Back in 2014, ASPI says, before Xinjiang hit the international headlines, Huawei took part in an early counter-terrorism conference that helped instigate “‘Safe Xinjiang’—code for a police surveillance system.” ASPI reports that Huawei was praised at the time by the head of Xinjiang’s provincial police department, for reportedly being able “to process and analyse footage quickly and conduct precise searches.”
A Huawei spokesperson told me that the company “reaffirms that its technology—which is general purpose and based on global standards, complies with all applicable laws where it is sold. Huawei does not operate safe city networks on behalf of any customers."
But the nature of the new revelations is damaging, and could not come at a worse time. The U.S. has widened its sanctions against Chinese companies implicated in the region’s oppressive security programs, but the focus on Huawei—despite the small print—has largely been that intangible threat to national security. The new report claims tangible evidence of wrongdoing, that there is a smoking gun, just a different kind of smoking gun.
“As companies such as Huawei seek to expand overseas,” ASPI suggests, “foreign governments can play a more active role in rejecting those that participate in the Chinese Government’s repressive Xinjiang policies.”
The Chinese authorities continue the fiction that what is taking place in Xinjiang is simply an intensive counter-terrorism program, which has local public support and which has made the region safe. “There are no so-called ‘detention camps’ in Xinjiang,” was the official response to the leaked documents. “Vocational education and training centres have been established for the prevention of terrorism—[Xinjiang was] a battleground—[with] thousands of terrorist incidents between 1990s and 2016—Since the measures have been taken, there’s no single terrorist incident.”
For Huawei, if the dialogue now does turn in part to Xinjiang, it becomes much harder for the company to play victim against U.S. abuse of power.

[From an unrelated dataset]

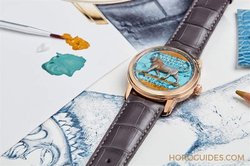 這款回望波斯帝國大流士一世時代的作品,表盤上的裝飾主題取材自波斯帝國宮殿的重要標(biāo)識-由矽質(zhì)釉面磚與石灰砂漿混合制作而成的雄獅浮雕檐壁。由于雄獅指示浮雕檐壁的一部份,因此要再現(xiàn)這項元素便需要還原宮墻上的釉面磚質(zhì)感。江詩丹頓取用綠松石和黃色血斑碧玉進行寶石細鑲工藝,打造壁畫效果。表盤外緣的三角形裝飾圖案以鐫刻金屬和內(nèi)填琺瑯制作而成,取自大流士宮殿內(nèi)的弓箭手浮雕檐壁。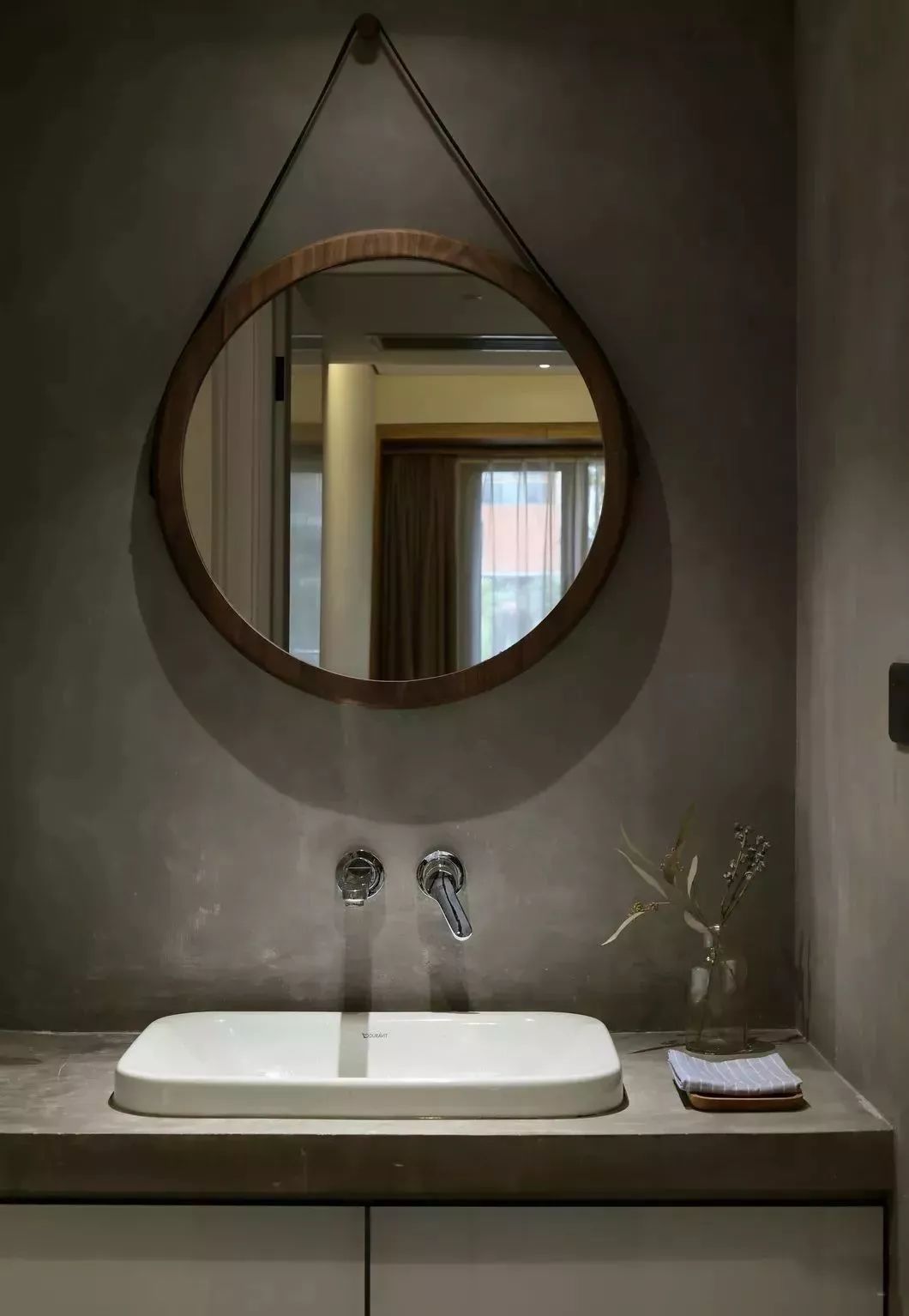 衛(wèi)生間灰白搭配簡(jiǎn)潔美觀。墻上的皮帶原木掛鏡,增添了精致感。

There is no abuse of power anywhere in the world that touches on what China is doing in Xinjiang. And if this escalates, a boilerplate response—given what’s in the public domain—will not play well with governments readying their 5G checkbooks. Saying it complies with local laws as a response to alleged engagement in law enforcement abuses in Xinjiang is not a good stance by Huawei. And what about consumers? Forget the loss of Google, does Xinjiang take a toll on the willingness of Western buyers to opt for Huawei devices?
ByteDance’s spokesperson told me that the company “does not produce, operate or disseminate any products or services related to surveillance—[nor does it] endorse the content generated by its users, but rather, similar to Twitter or Facebook, provides a platform to all of its users.”
Huawei cannot say the same on surveillance, but it does need to make a statement. It needs to withdraw from Xinjiang and the programs being deployed directly or in its name. It needs to refuse to sell its technologies into the highly lucrative surveillance programs that are underway or envisaged. If not, then its case for sympathy against the U.S. government’s abuse of power becomes hollow and hard to swallow.